Senator Hassan Calls for Answers on Private Equity Groups' Impact on Surprise Medical Bills & Clinical Independence
WASHINGTON – U.S. Senator Maggie Hassan (D-NH) is calling for answers from the Healthcare Private Equity Association about the impact of private equity investment in the health care sector.
As Senator Hassan discusses in her letter, private equity groups have increasingly acquired physician practice groups, resulting in many local doctors working not for themselves or local hospitals, but for these increasingly large staffing practice groups.
Senator Hassan is raising concerns over the impact that private equity firms have on clinical independence, as well as surprise medical billing.
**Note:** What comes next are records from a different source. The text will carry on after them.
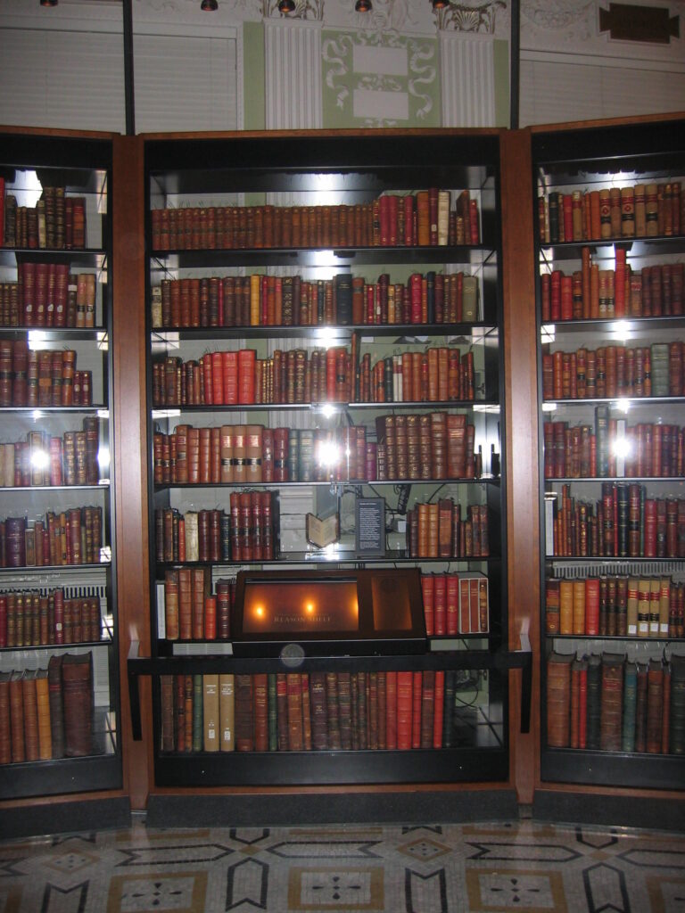 Personally, I though Thomas Jefferson’s Library was by far the coolest. The picture above is part of his Library. There are 6,487 volumes divided between History, Philosophy and Fine Arts. I spoke with the Chief of Rare Book and Special Collections, Mark Dimunation, who explained that in 1851 there was a fire that burned 2/3 of Jefferson’s Library. The surviving third are located in this exhibit. Additionally, the 2/3 that burned have been replaced with originals when possible. Dimunation explained that the original Jefferson books are distinguished by a green ribbon. It is also interesting to note that this collection is active and can be accessed by researchers. But what is really cool about this exhibit is the interactive feature. You can see a computer screen in the above photo (lots more photos after the jump) and at the computer you can pick any book in the collection and “turn” the pages and have foreign volumes translated. It is super cool.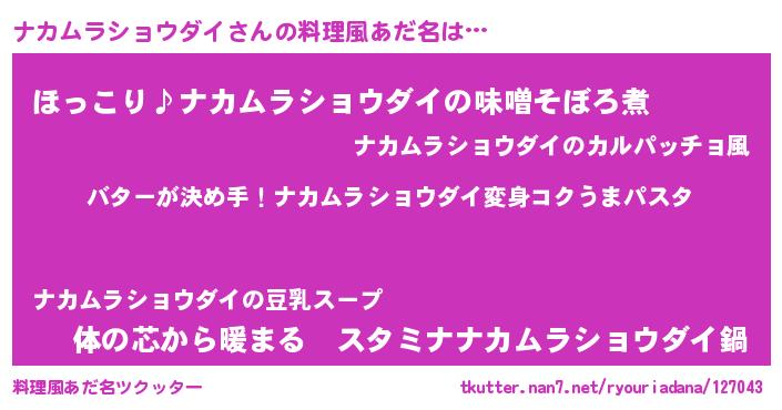 | ヒーロー風カッコイイあだ名 | 『慈愛の使者ナカムラショウダイ』 |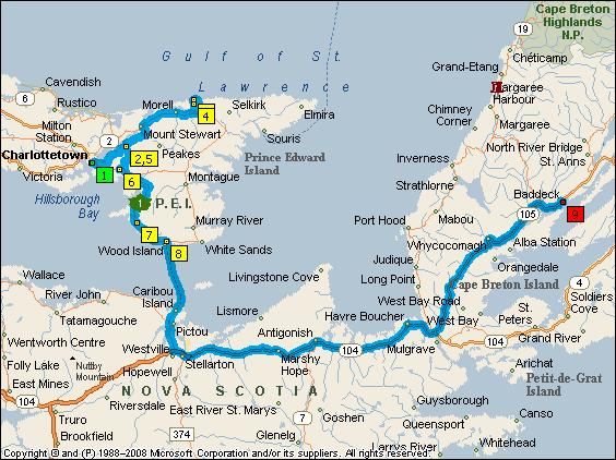 | PEI is a pretty place and it seems folks are just traveling at a slower pace here. I think so much of the world is just busy about being busy and doesn't stop to think about what they are actually doing. This morning all I have to do is follow Alain's taillights - which will be more of a 'challenge' than I now anticipate. | ||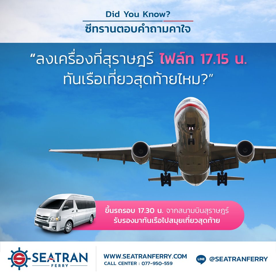 ถาม: ลงเครื่องที่สนามบินสุราษฎร์ฯ ไฟล์ท 17.15 น. จะยังทันเรือรอบสุดท้ายที่ข้ามไปสมุยไหม?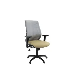 Assise rembourré en mousse souple avec couche de dacron. Dossier en Filet monté sur structure en polypropylène noir avec réglage lombaire en hauteur. Revêtement en simili cuir. Accoudoirs en polypropylène ajustable et réglable 3D. Mécanisme Synchronique tournant, roulant, réglable en hauteur et en inclinaison. Structure étoilée à 05 branches en métal chromé avec 05 roulettes tournantes roulantes à double galets.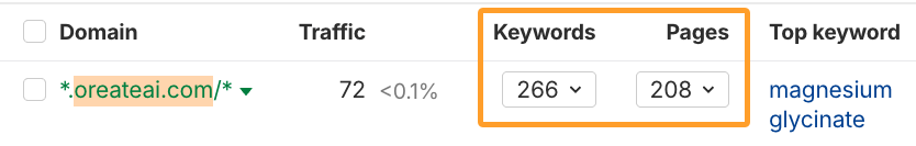 In total, Oreate AI ranks for 266 magnesium glycinate keywords across 208 pages. 200 times Healthline’s content creation efforts for a tenth of the keywords (give or take).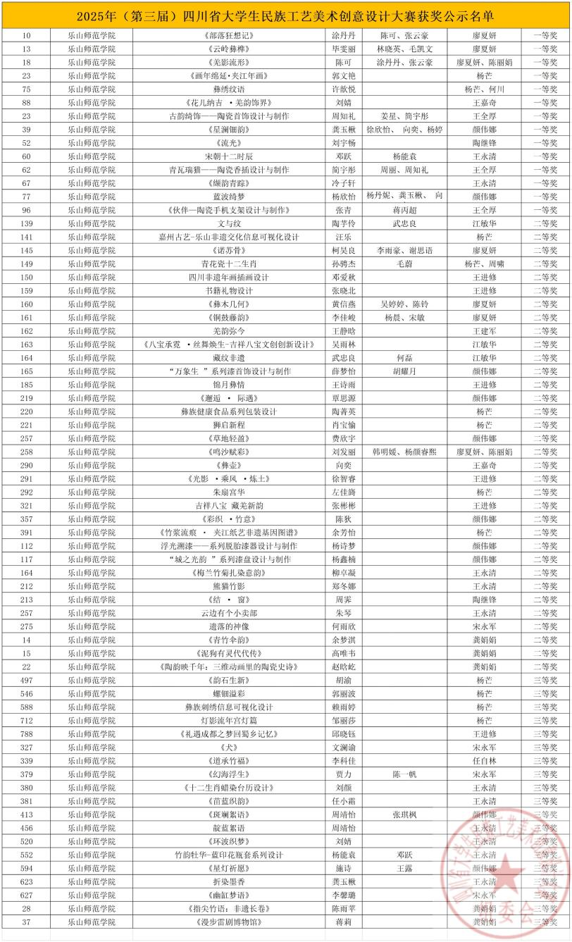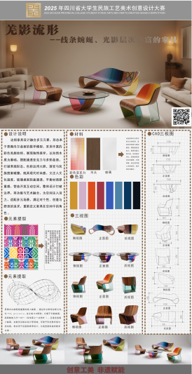 本网讯(文、图/王全厚)10月17日至19日,由四川省教育厅主办的第三届(2025)四川省大学生民族工艺美术创意设计大赛决赛在阿坝师范学院成功举办。我校美术与设计学院师生携精心创作的作品积极参赛,凭借扎实的专业素养与出色的创意表现,在决赛现场展现出卓越的实力。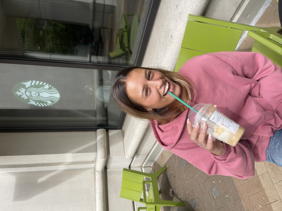 A young adult female is depicted seated outdoors on a lime-green metal chair, on a paved surface next to a building. She is wearing a pink hooded sweatshirt and blue jeans. Her light brown hair, with visible lighter streaks, frames her smiling face as she looks directly at the camera. She holds a clear plastic Starbucks cup, containing a partially consumed iced beverage and a green straw, to her mouth. The cup features a white label with "Lira" handwritten on it and a small golden star decal. A large green Starbucks siren logo is prominently displayed on the glass window of the building behind her, reflecting outdoor elements. The building exhibits light-colored stone or concrete architectural details. This scene is situated in Arlington, United States.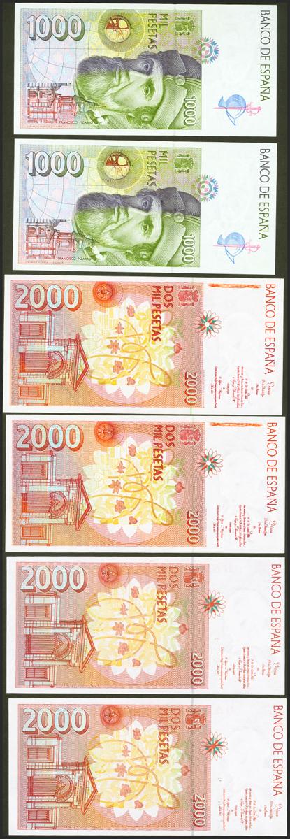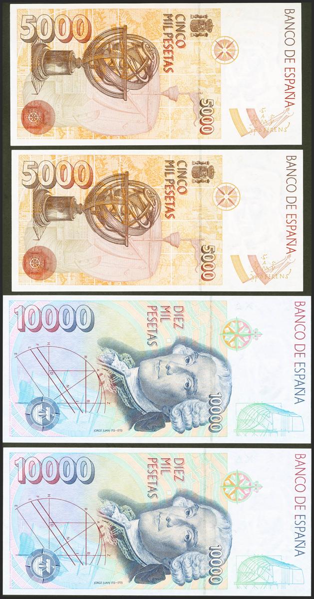 Complete series in correlative pairs of the 1000, 2000 (plus another one with the numbering 1S), 5000 and 10000 Pesetas banknotes issued in 1992 and all of them with the same serial number Nº008277 and 008278. (Edifil 2017: 482/85, 482A ). Rare set. Uncirculated.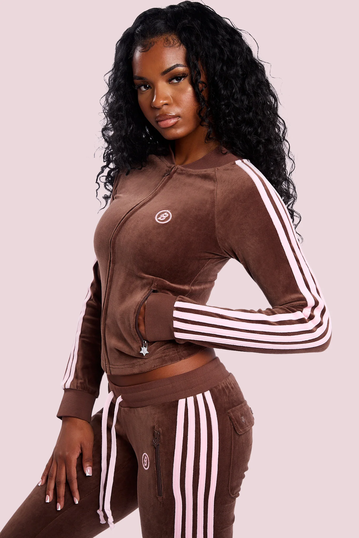 BODY VELOUR TRACK JACKET (BROWN/PINK)
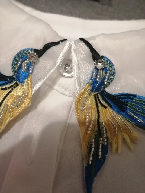 Женская блузка с вышивкой в виде тяжелых птиц, с воротником-стойкой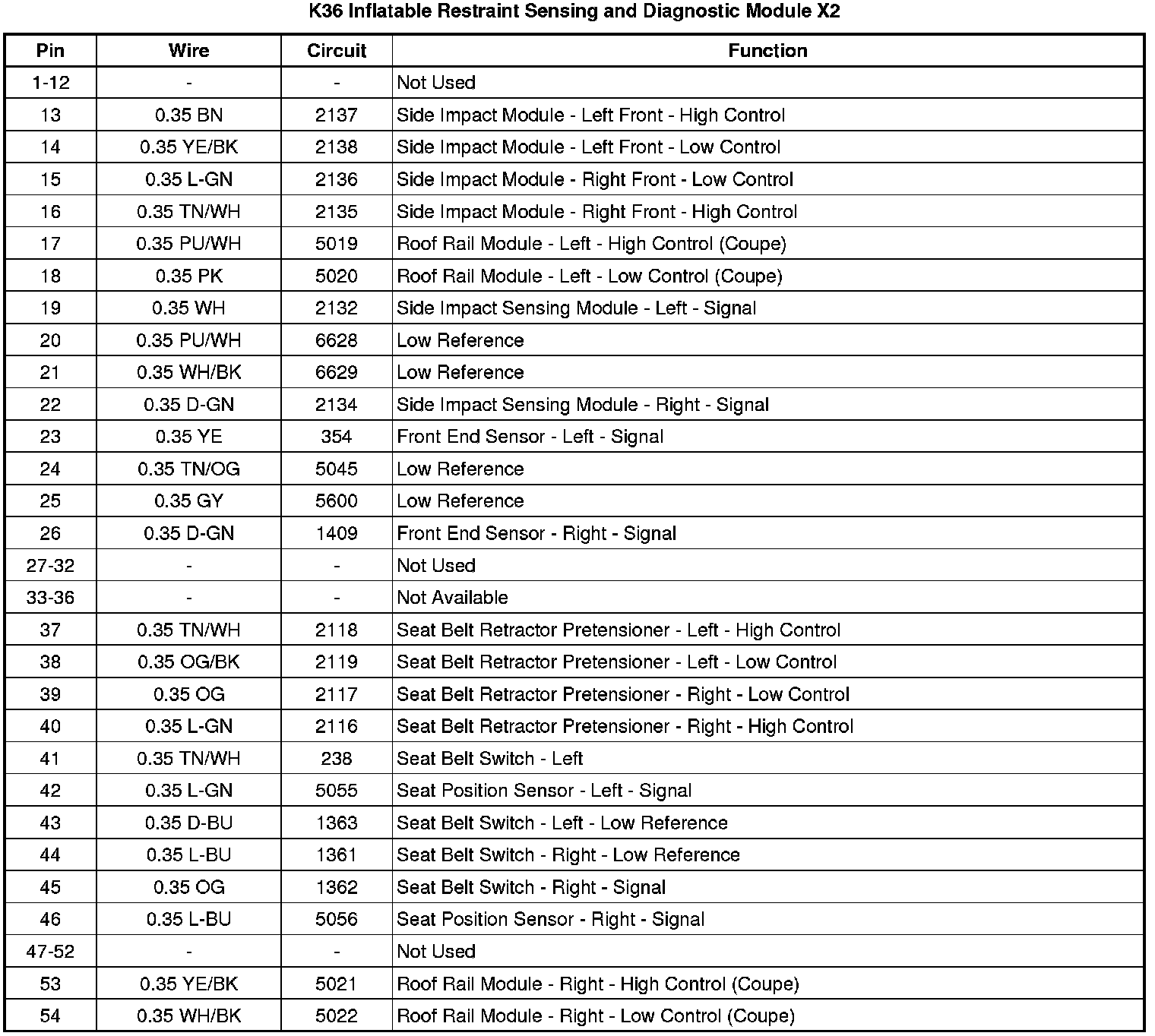 K36 Inflatable Restraint Sensing and Diagnostic Module X2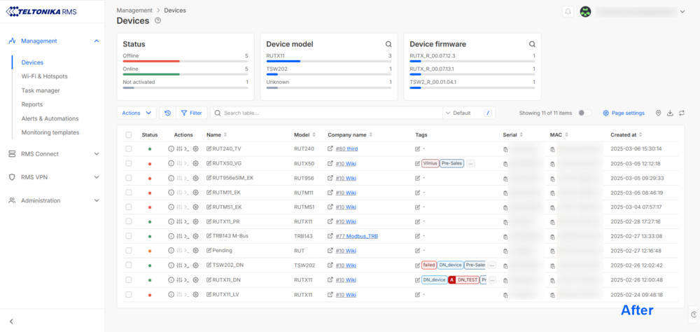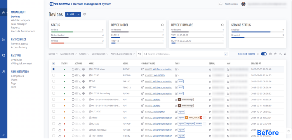 Main Page > IoT Platforms > RMS > RMS UI changesIn the upcoming major update, RMS website will receive the following UI changes and feature additions.
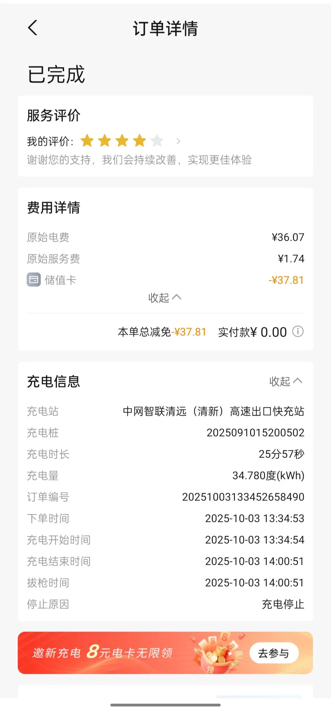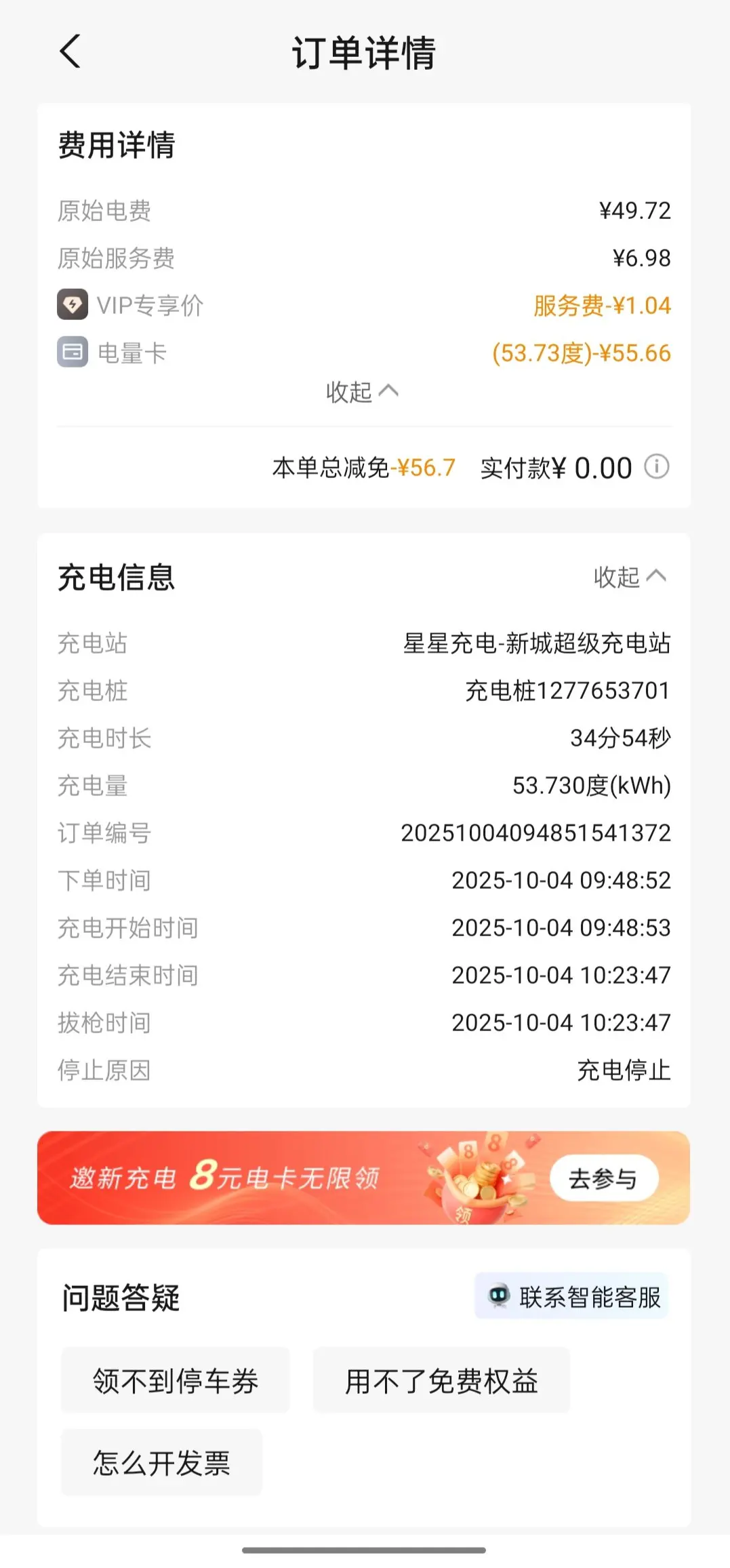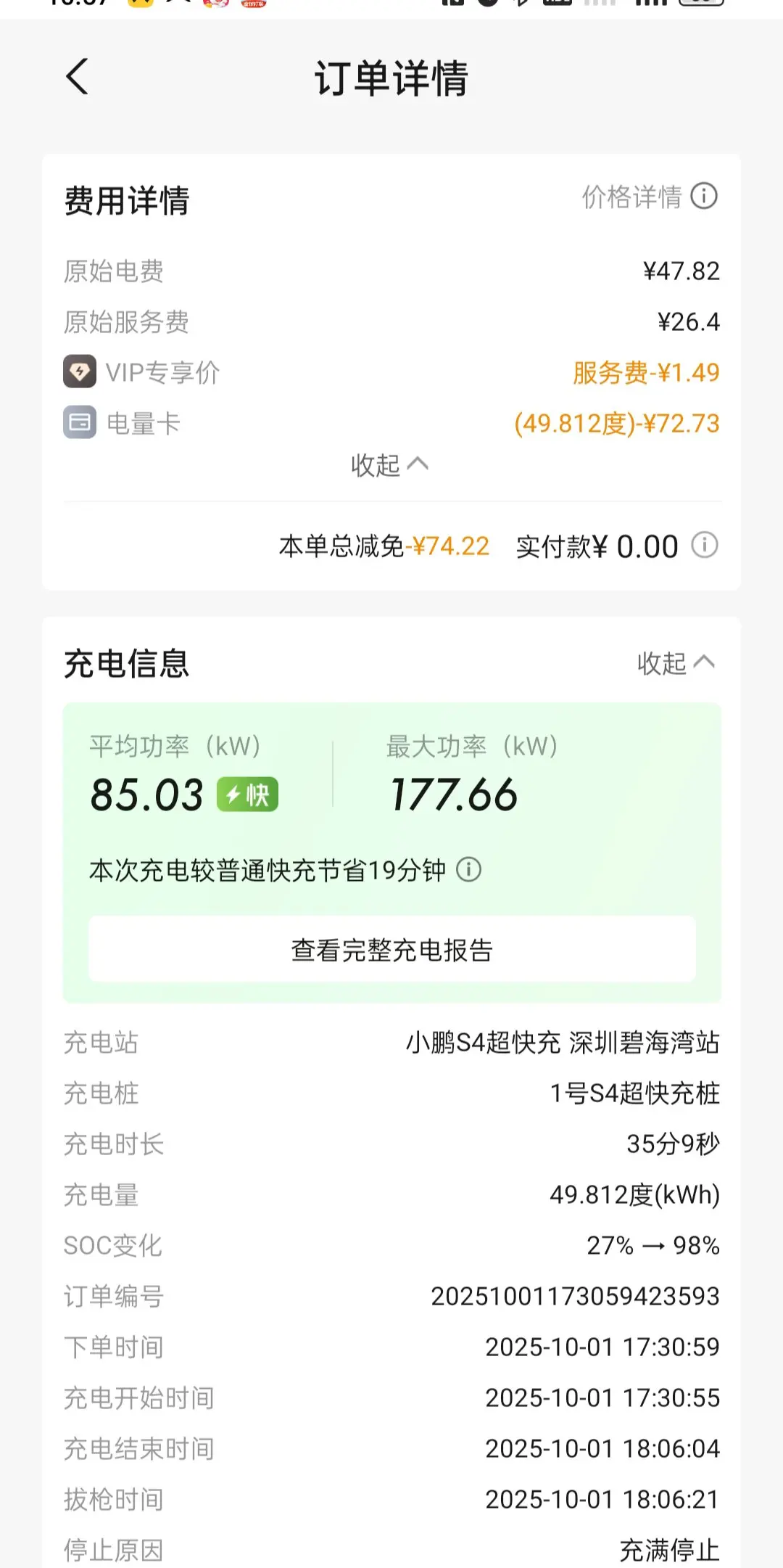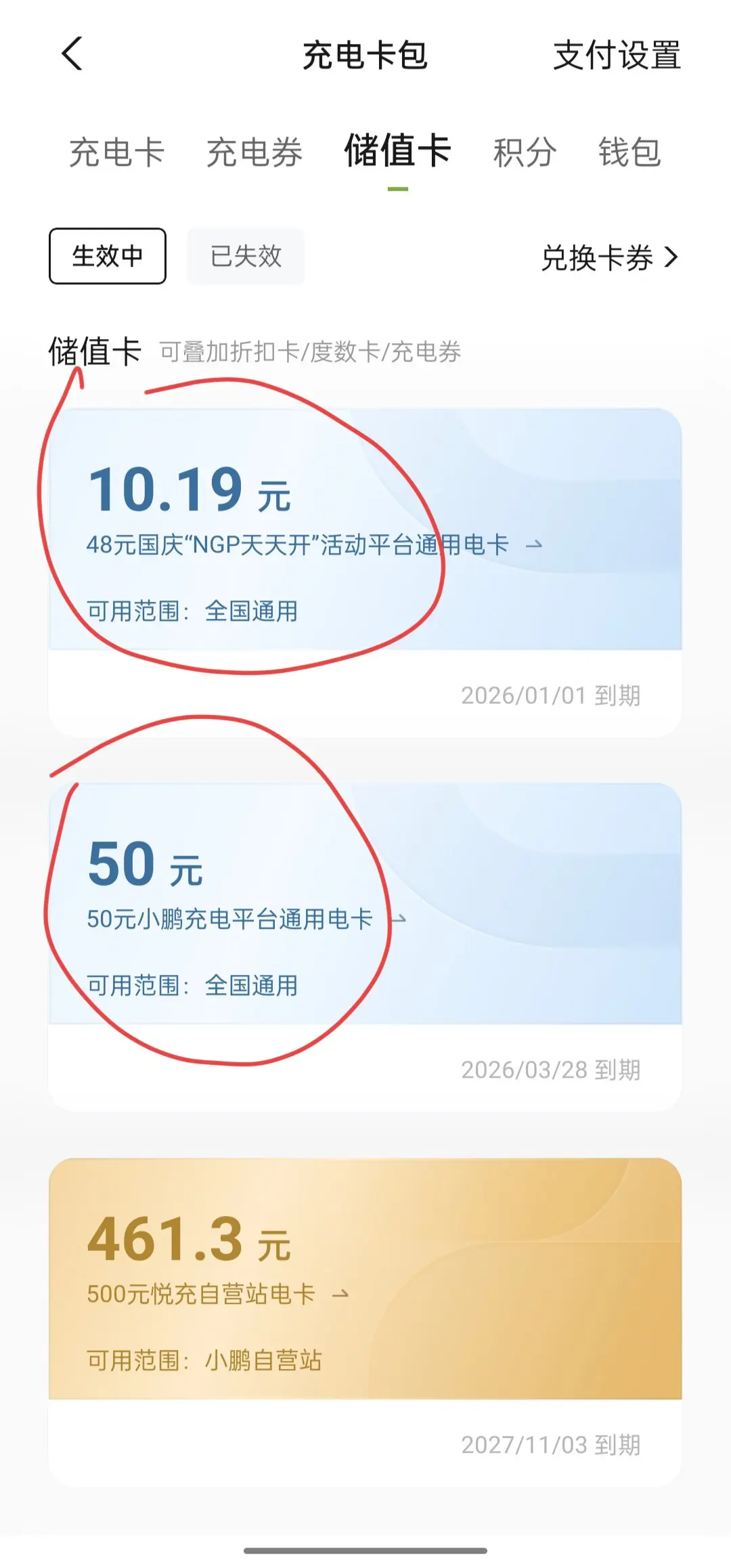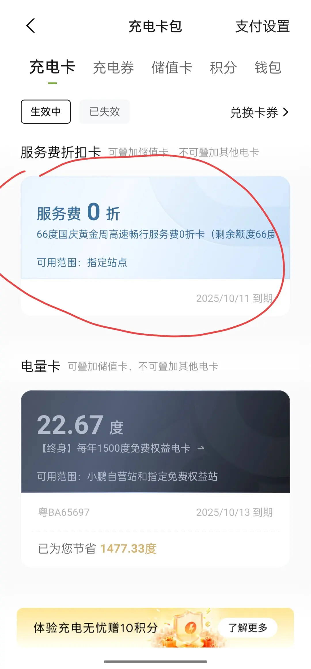 首先在小鹏app领取国庆大礼包48元➕50元通用储值卡,再领取66度电高速免服务费电卡,结合1500度免费电卡,实现了充电免费。

"Further, this trend has had devastating impacts on many patients who received large and unexpected medical bills from hospitals that are effectively staffed by private equity firms. In these cases, even though patients visited hospitals within their insurers’ network, the patients were hit by surprise medical bills because the doctor who saw them was employed by an out-of-network staffing firm," wrote Senator Hassan.
Senator Hassan also raises questions about if private equity firms are complying with the letter and spirit of prohibitions on "corporate practice of medicine," which protects patients and doctors by requiring doctors to work for themselves or other doctors, not non-medical corporations.
Senator Hassan is calling for details on private equity firms' acquisition of physician groups over the last ten years, safeguards to ensure physician independence, and efforts to limit surprise medical bills.
The letter that Senator Hassan sent is part of her ongoing, bipartisan efforts to end surprise medical bills. Senators Hassan and Bill Cassidy (R-LA) worked for months with members from both parties to craft the STOP Surprise Medical Bills Act to end this practice. Last year, the Senate Health, Education, Labor, and Pensions Committee – on which both Senators serve – and the House Energy and Commerce Committee released a bipartisan, bicameral compromise that incorporated considerable feedback and work from the two Senators.
Read Senator Hassan's letter here or below:
Dear Ms. Daych:
As private equity investment in the health care sector surges, I write to urge your member companies to publicly disclose information necessary to give Congress and the American people a fuller picture of the dramatic changes such investment is causing. In particular, I am concerned that private equity investment in health care is driving prices up for patients, including through practices such as surprise medical billing. I am also concerned that private equity companies are interfering in the ability of local doctors to provide the best possible care to their patients.
Over the past decade, private equity groups have increasingly acquired physician practice groups and consolidated them into large nationwide staffing firms. As a result, many local doctors, who keep their communities healthy, no longer work for themselves or their local hospitals, but are employees of practice groups that staff those hospitals.
This raises serious questions about whether private equity firms restrict clinical independence. Further, this trend has had devastating impacts on many patients who received large and unexpected medical bills from hospitals that are effectively staffed by private equity firms. In these cases, even though patients visited hospitals within their insurers’ network, the patients were hit by surprise medical bills because the doctor who saw them was employed by an out-of-network staffing firm.
Private equity firms must comply with state laws prohibiting what is known as the “corporate practice of medicine.” These laws prohibit corporations from practicing medicine or employing physicians to perform medical services. These laws are intended to prevent the commercialization of the practice of medicine, so that patients are not harmed by conflicts of interest between a physician’s duty to his or her patients and a corporation’s duty to its shareholders. Although these state laws vary widely and have differing exceptions, the trends outlined above raise general questions regarding whether and how private equity firms are complying with both the letter and the spirit of prohibitions on the corporate practice of medicine.
Given these serious concerns, I ask that your members provide transparency into private equity’s role in the health care sector by answering the following questions by November 22, 2020:
- How many deals involving health care companies with $5 million or more in annual revenue have your members completed since 2010?
- Please provide a breakdown of the number of the above acquisitions by year.
- Please provide a breakdown for all of the above acquired companies by their state of formation and their state of principal place of business.
- What is the total combined value of the above acquired companies at the time of acquisition?
- What portion of the total value in Question 1.c. above was acquired by the following large private equity firms or their subsidiaries:
i. The Blackstone Group Inc.
ii. The Carlyle Group
iii. Kohlberg Kravis Roberts & Co. (“KKR”)
- How many of the above companies acquired by your members have been dissolved, liquidated, or gone into bankruptcy since 2010?
- What safeguards have your members put in place to ensure physician practices they have acquired retain independence on matters pertaining to patient evaluation, diagnosis, and treatment?
- What efforts have your members undertaken to identify and limit surprise out-of-network billing for patients at the practices they have acquired?
Thank you for your attention to this important matter.